Xu also hopes to design and build a new type of microscope that will combine with a novel form of illumination to create an imaging system that adapts to the sample being studied, with the goal of speeding up how quickly we follow neural activity. These imaging tools will be developed and utilized in a new space, the Laboratory for Innovative Neurotechnology at Cornell.

In addition to their reliance on foundational work started at Cornell by Professor Watt Webb years ago, these imaging tools share another characteristic: they will create enormous amounts of digital imaging data. And data, without the tools to make sense of it, is useless. 

Of the five investigators, one is on the faculty of ECE. Mert Sabuncu officially started at Cornell Engineering in 2017 with a joint appointments in ECE and BME. As he was visiting campus prior to joining the faculty, Sabuncu came to see how extensive the neuroscience community was across the university. 

“In conversations during my early visits at Cornell, I met a broad community of scientists studying the neural systems of diverse organisms that included fruit flies, zebrafish, mice and humans,” says Sabuncu. “I became excited about the large amounts of interesting and novel data these researchers are creating, as my research interests are in developing methods to handle, analyze and learn from such data.”

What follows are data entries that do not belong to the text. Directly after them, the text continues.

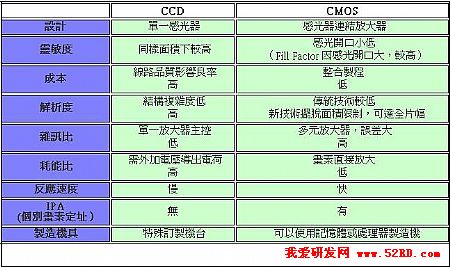 CCD與CMOS電路結構之完整比較(摘錄自SHARP月刊)差異分析整體來說,CCD與CMOS兩種設計的應用,反應在成像效果上,形成包括ISO感光度、制造成本、解析度、雜訊與耗電量等,不同類型的差異:ISO感光度差異:由于CMOS每個畫素包含了放大器與A/D轉換電路,過多的額外設備壓縮單一畫素的感光區域的表面積,因此在相同畫素下,同樣大小之感光器尺寸,CMOS的感光度會低于CCD。
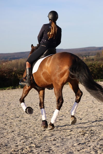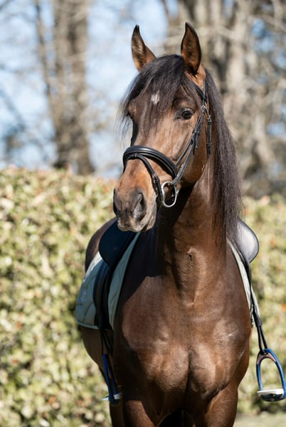 Hongre pur race espagnol Il pirouette, appuie, passage, piaff et en apprentissage des changements de pied. Il est sorti en concours sur amateur 3 et 2. Cheval avec un grand cœur et très généreux. Il est très bien mis aux trois allures. Bien avancé dans le travail sur le plat ( cession, épaule en dedans, transition pas/galop, galop/pas, début du pas espagnol)
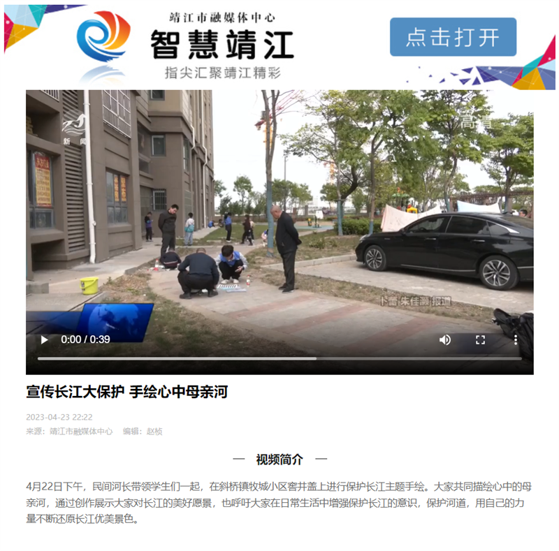 4月22日下午,民间河长带领学生们一起,在斜桥镇牧城小区窖井盖上进行保护长江主题手绘。大家共同描绘心中的母亲河,通过创作展示大家对长江的美好愿景,也呼吁大家在日常生活中增强保护长江的意识,保护河道,用自己的力量不断还原长江优美景色。
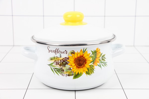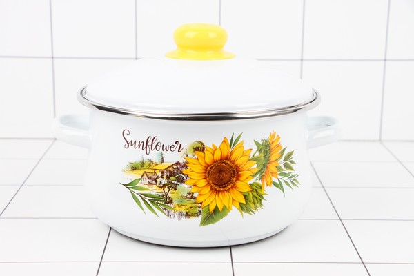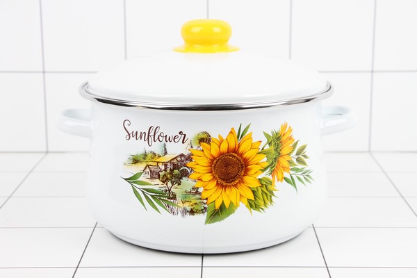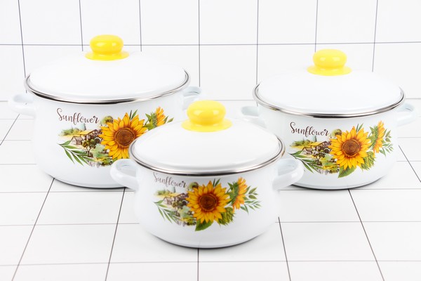 НАБОР Кастрюль (2л, 3л, 4л) Подсолнухи белый 7-329/4
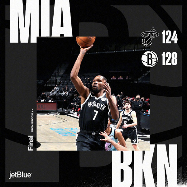 jrs直播网1月24日讯 在克利夫兰连输两场之后,篮网今日回到主场迎战热火,上一场轮休的杜兰特本场回归。上半场哈里斯手感热得发烫成为X因素,在三巨头面前,哈里斯首节命中4记三分带领球队早早拉开比分,上半场一人命中6记三分攻下20分,仅比三巨头半场总得分少4分,篮网借势最多取得18分的领先,不过阿德巴约最后时刻站出来带领热火打出14-6的攻势将分差缩小至10分进入下半场。第三节的篮网仍然还占据着上风并一直保持着领先,但第四节节初的轮换哑火直接导致局面陷入被动,热火开局连中三分送出11-0的攻势很快追上比分并重燃悬念,不过欧文屡屡关键时刻救主,他末节独砍18分,最后时刻砍下关键7分为球队奠定胜局。最终,篮网主场扑灭热火结束2连败。
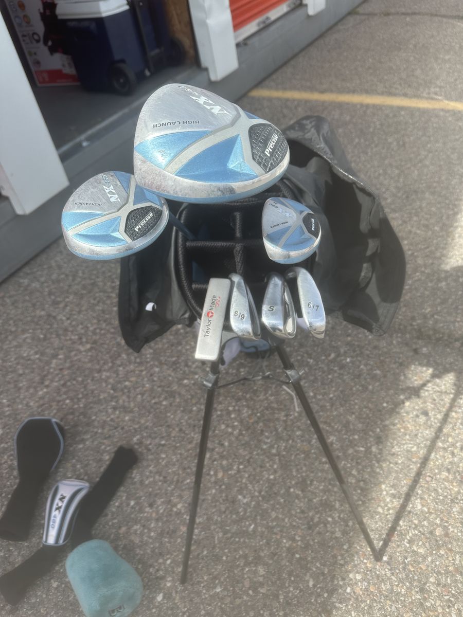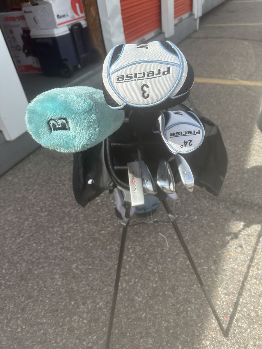 Precise golf set in bag for women. Taylor Made putter. Golf balls & tees. Some fraying on over the shoulder carrying strap.
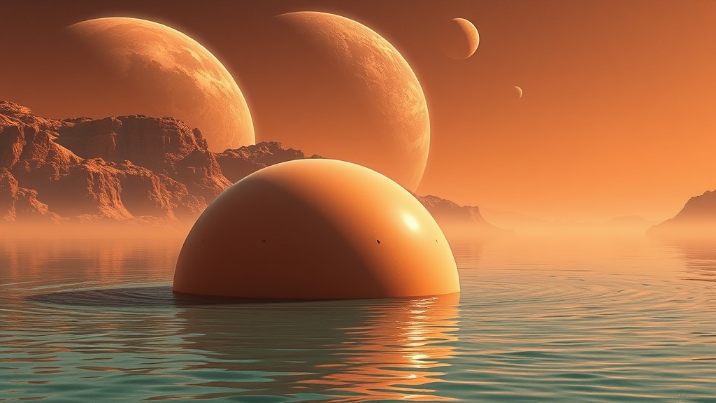 A single dome-shaped object partially submerged in serene water, capturing the essence of science fiction art with a tonalist color scheme of light orange and subtle crimson. Bathed in natural light, the scene conveys romantic desertpunk vibes with hyper-realistic details, as if shot with a Samyang AF 14mm f/2.8 RF lens. This digital masterpiece depicts a green city nestled beneath the backdrop of distant planets in a style reminiscent of eroded interiors. The color palette embraces hues of light red and orange, skillfully crafted by Daz3D, juxtaposed against an Australian landscape. The photo, reminiscent of a Nikon D750 capture, mesmerizes with transfixing marine views, created with ultra-realistic, hyper-detailed rendering in 32k UHD. A captivating digital fantasy that invites viewers into a world of awe and wonder.
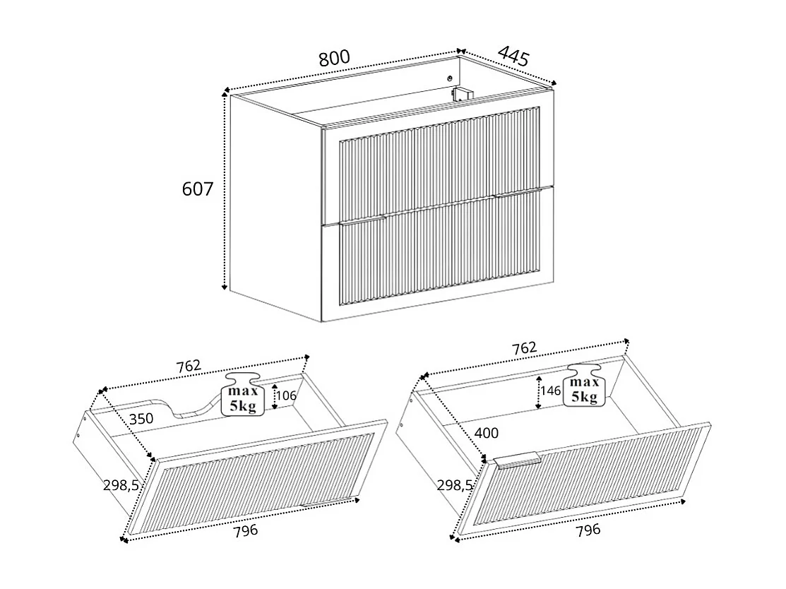 Badezimmerschrank, weiß, 80 x 44,5 x 60,7 cm, Ohne Tischplatte

The challenges of dealing with massive amounts of data is exactly what Sabuncu has been working on in one form or another since his undergraduate years at the Middle East Technical University in Ankara, Turkey.

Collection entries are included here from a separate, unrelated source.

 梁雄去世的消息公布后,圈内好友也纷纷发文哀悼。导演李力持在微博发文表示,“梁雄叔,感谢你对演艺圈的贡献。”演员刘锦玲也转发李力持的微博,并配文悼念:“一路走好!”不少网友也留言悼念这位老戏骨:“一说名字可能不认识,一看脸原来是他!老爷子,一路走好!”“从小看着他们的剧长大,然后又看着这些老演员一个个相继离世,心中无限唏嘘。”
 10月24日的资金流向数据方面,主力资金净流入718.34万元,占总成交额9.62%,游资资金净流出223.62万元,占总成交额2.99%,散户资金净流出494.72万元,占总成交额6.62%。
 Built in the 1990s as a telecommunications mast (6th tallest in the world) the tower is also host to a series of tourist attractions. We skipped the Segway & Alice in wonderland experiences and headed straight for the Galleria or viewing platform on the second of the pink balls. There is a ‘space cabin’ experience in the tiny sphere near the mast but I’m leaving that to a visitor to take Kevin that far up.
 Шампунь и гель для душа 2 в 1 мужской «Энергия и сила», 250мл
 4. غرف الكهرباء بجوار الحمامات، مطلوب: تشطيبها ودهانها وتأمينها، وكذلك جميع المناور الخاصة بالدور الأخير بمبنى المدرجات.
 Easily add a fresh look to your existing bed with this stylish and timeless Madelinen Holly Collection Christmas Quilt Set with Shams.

“Since I was a teenager, I knew that I wanted to be a scientist,” says Sabuncu. “I am a very curious person and an obsessive learner. As an undergraduate I had the chance to do research involving computer vision for radar data. This exposed me to the areas of image processing and computer vision and I was hooked.” 

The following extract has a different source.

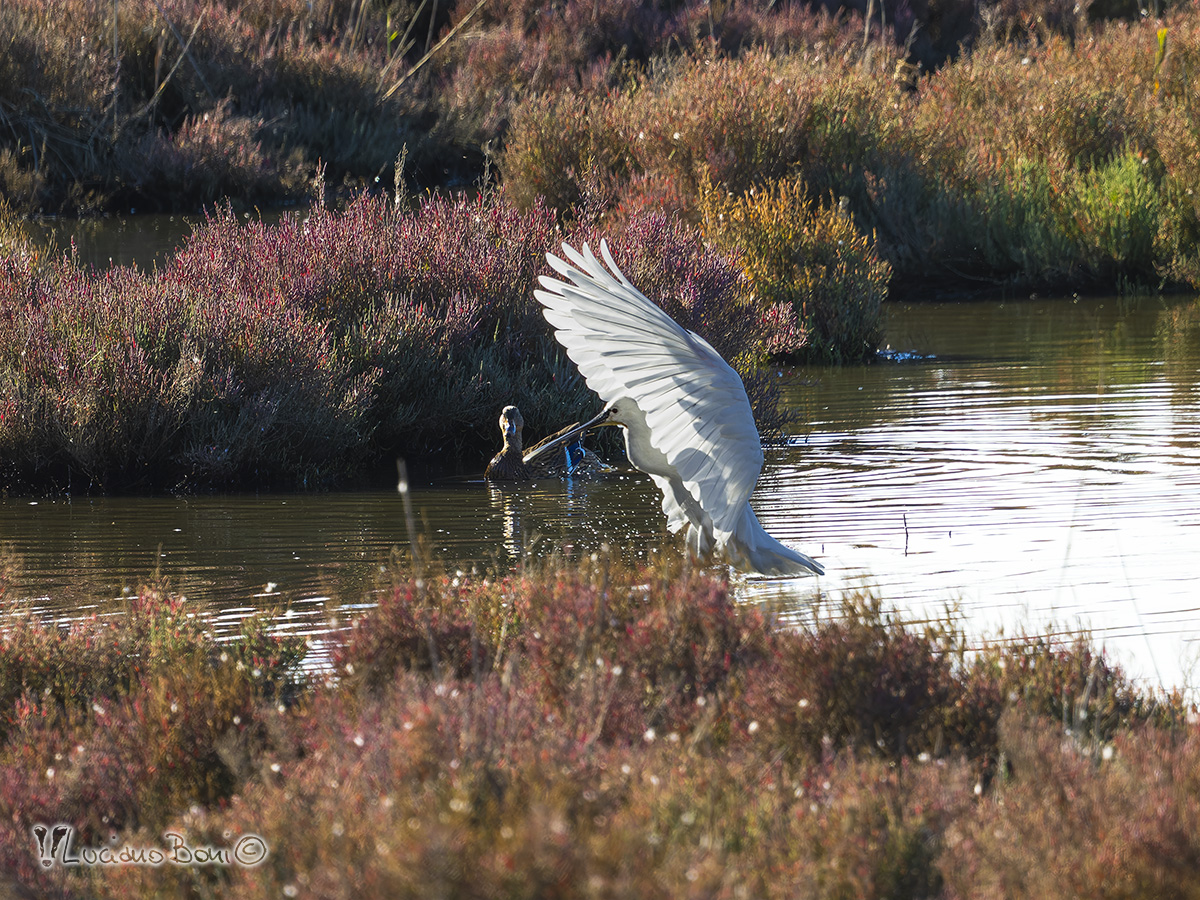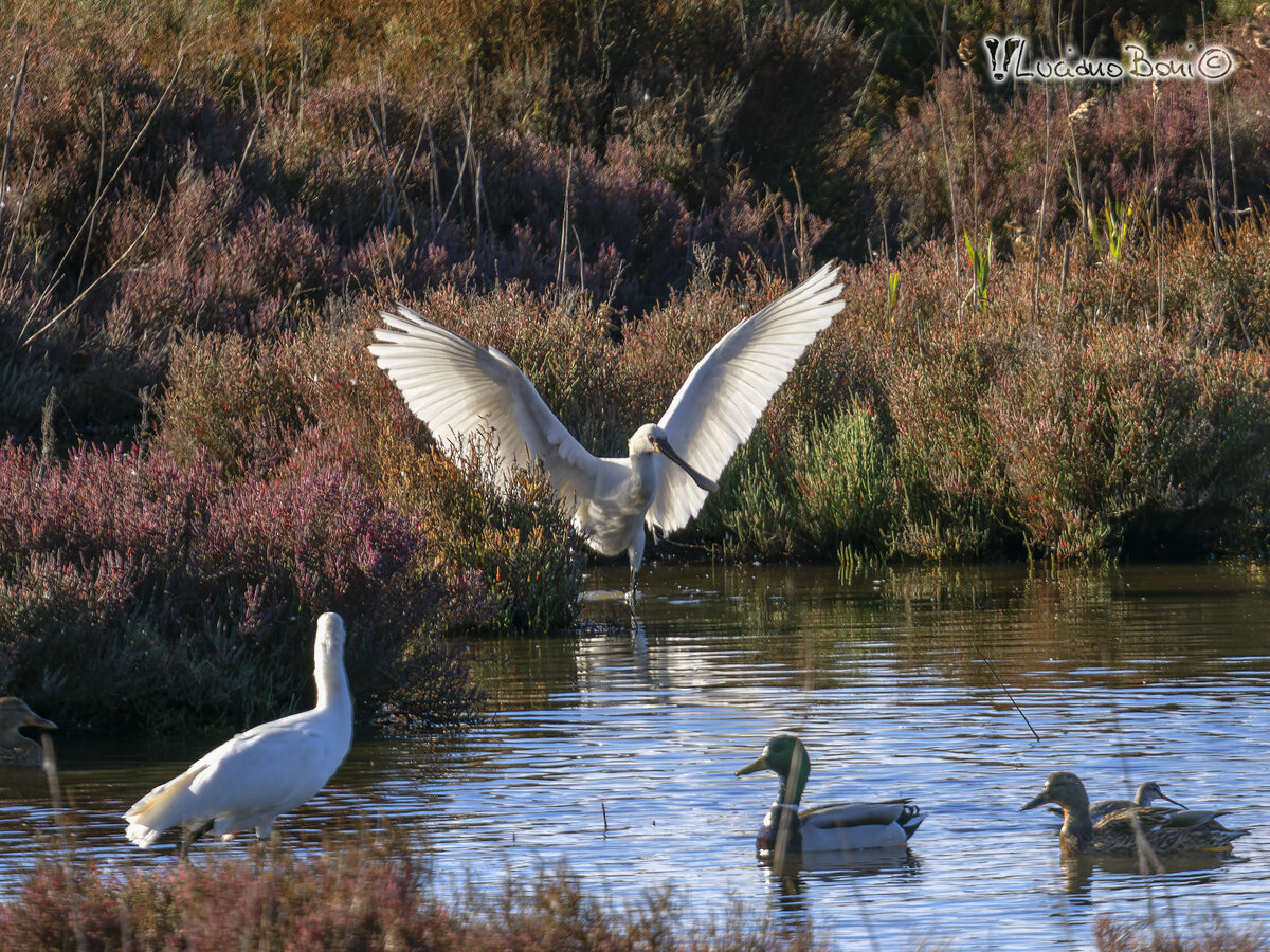 È facile confondere la spatola con un airone, specialmente con l'airone bianco maggiore, con cui ha in comune molti aspetti (dimensioni, habitat), ma basta guardare il becco per capire la specie avvistata: l'airone bianco maggiore ha il becco giallo a punta.

During his time in a postdoctoral research position at MIT and in a faculty position at Harvard’s A.A. Martinos Center for Biomedical Imaging, Sabuncu let his learning obsession run free and he took in everything he could find about a wide range of clinical research areas and genetics.

“I went to classes, I attended talks, I asked a million questions,” says Sabuncu. “The more I learned the more passionate I became about biomedical data and the things I could do with it.” 

As a result of Sabuncu’s conversations during his early visits at Cornell, he was brought in to help create the NSF proposal for NeuroNex. “At Cornell, I’ll be developing novel algorithmic technologies for making sense of and exploiting large-scale biomedical data,” says Sabuncu. “NeuroNex is exciting to me because it will let me look at data from different animal models and at different scales. I am eager to inject our understanding of the imaging device and underlying biology into the data analysis tools we create.” 

The imaging tools to be created at NeuroNex will be able to collect sophisticated data about the activity of many neurons over time along with information about the animal’s behavior at that time. Due to the complexity of the brain and the sheer number of neurons interacting in any given moment, using existing simple statistical analysis methods is likely to shed limited new light on the workings of the brain and nervous system. 

“When you are looking at larger scales, you’re looking at thousands, potentially tens of thousands, of neurons activating simultaneously in complex patterns,” says Sabuncu. “You cannot get away with simple statistical analysis. You need to think about large-scale patterns that relate to the complex behavior these animals display.” 

Sabuncu is thrilled to be part of this effort at Cornell. “I have always been drawn to the theoretical,” says Sabuncu. “And this is still true today. Yet, for me, mathematical abstractions are interesting in the way they relate to real world problems. I enjoy using my theoretical insights to devise practical solutions. Cornell gives me a great opportunity to do this with NeuroNex and within ECE, which is a world-class department that is a pioneer in marrying theoretical insights with real-world problems and has a unique focus on the interface between hardware and software.”